* [WHAT IS NEEDED]:
Scan the records below and report how many lines include the string "that"; the number alone will do.

- - - -

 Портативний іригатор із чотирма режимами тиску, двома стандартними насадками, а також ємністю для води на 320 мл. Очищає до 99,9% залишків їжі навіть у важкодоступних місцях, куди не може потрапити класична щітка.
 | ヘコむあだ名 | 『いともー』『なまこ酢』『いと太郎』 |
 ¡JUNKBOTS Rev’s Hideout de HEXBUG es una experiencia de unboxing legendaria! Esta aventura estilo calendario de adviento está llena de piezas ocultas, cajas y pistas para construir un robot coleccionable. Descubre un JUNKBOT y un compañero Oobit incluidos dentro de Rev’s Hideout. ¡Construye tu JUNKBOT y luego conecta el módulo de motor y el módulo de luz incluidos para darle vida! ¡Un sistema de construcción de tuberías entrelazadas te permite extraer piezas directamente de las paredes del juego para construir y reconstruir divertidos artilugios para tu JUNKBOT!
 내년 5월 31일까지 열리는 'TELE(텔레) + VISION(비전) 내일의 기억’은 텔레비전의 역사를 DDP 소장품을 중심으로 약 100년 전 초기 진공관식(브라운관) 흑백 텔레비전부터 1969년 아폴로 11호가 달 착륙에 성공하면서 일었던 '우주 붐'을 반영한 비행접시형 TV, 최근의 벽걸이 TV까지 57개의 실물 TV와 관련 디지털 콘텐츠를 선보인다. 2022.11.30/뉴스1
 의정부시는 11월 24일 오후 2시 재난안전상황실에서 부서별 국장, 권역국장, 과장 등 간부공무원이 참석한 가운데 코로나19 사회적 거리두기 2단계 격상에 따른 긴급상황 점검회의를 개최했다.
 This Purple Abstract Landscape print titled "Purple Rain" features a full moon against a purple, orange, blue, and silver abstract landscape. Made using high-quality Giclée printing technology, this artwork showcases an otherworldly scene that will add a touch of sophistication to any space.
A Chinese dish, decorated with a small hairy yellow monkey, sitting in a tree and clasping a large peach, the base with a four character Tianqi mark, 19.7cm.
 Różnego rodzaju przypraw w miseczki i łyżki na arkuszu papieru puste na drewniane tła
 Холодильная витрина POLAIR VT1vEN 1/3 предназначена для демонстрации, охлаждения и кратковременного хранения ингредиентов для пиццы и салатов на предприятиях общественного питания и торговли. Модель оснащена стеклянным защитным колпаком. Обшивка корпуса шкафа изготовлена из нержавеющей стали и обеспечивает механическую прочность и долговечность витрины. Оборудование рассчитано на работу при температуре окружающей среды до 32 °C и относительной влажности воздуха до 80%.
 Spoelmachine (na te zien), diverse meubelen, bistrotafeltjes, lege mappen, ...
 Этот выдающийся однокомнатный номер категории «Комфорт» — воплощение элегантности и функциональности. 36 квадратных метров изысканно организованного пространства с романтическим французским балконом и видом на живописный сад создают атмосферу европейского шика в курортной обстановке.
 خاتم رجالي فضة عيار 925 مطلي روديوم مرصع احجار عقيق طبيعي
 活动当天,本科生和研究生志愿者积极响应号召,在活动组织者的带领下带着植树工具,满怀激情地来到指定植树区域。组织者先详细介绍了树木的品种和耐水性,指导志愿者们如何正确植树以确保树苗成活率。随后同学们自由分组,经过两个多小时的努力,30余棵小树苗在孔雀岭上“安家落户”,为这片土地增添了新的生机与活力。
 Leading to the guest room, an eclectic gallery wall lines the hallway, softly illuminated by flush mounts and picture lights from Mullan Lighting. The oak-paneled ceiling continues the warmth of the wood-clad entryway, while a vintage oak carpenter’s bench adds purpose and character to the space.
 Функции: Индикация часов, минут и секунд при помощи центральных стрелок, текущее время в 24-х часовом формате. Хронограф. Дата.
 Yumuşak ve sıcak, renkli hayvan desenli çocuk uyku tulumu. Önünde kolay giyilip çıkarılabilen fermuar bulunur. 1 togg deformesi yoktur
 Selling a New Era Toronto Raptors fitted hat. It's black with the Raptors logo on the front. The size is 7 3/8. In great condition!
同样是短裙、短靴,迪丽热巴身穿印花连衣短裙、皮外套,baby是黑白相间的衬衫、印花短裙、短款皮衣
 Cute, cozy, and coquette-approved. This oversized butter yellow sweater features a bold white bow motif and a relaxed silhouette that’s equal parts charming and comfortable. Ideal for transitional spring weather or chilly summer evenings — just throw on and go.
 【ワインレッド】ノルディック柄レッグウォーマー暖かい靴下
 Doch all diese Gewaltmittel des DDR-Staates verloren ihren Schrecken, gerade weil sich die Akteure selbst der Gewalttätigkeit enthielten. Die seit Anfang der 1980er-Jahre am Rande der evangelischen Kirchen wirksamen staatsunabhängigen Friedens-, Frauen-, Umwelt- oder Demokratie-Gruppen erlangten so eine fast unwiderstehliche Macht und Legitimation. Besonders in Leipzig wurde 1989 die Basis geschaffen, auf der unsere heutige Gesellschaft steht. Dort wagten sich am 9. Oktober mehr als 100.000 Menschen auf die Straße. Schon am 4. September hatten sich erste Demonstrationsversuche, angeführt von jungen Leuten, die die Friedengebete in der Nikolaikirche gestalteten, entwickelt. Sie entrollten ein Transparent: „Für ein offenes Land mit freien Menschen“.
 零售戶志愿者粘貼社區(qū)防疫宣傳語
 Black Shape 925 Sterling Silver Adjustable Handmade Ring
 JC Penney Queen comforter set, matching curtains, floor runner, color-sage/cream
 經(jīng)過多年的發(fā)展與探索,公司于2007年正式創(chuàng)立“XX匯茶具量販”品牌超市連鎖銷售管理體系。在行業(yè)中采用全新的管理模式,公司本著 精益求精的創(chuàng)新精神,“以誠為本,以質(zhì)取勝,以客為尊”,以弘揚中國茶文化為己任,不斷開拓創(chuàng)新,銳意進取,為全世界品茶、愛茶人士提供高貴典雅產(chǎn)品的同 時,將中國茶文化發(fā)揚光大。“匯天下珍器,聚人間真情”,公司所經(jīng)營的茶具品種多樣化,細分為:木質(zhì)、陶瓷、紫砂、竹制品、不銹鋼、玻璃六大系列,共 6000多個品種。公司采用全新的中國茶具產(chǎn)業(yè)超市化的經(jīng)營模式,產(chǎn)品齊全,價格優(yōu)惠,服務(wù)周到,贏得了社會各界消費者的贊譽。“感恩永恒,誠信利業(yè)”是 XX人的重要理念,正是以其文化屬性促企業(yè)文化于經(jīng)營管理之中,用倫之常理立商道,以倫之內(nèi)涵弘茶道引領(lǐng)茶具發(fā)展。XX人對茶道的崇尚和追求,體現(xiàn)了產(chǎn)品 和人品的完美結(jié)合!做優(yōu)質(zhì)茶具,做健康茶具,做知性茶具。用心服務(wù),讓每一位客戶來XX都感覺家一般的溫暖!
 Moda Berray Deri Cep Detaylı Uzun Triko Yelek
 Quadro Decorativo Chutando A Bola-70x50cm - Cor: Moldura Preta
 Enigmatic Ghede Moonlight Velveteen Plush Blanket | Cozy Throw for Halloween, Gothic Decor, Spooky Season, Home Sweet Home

- - - -

* [SOLUTION]:
2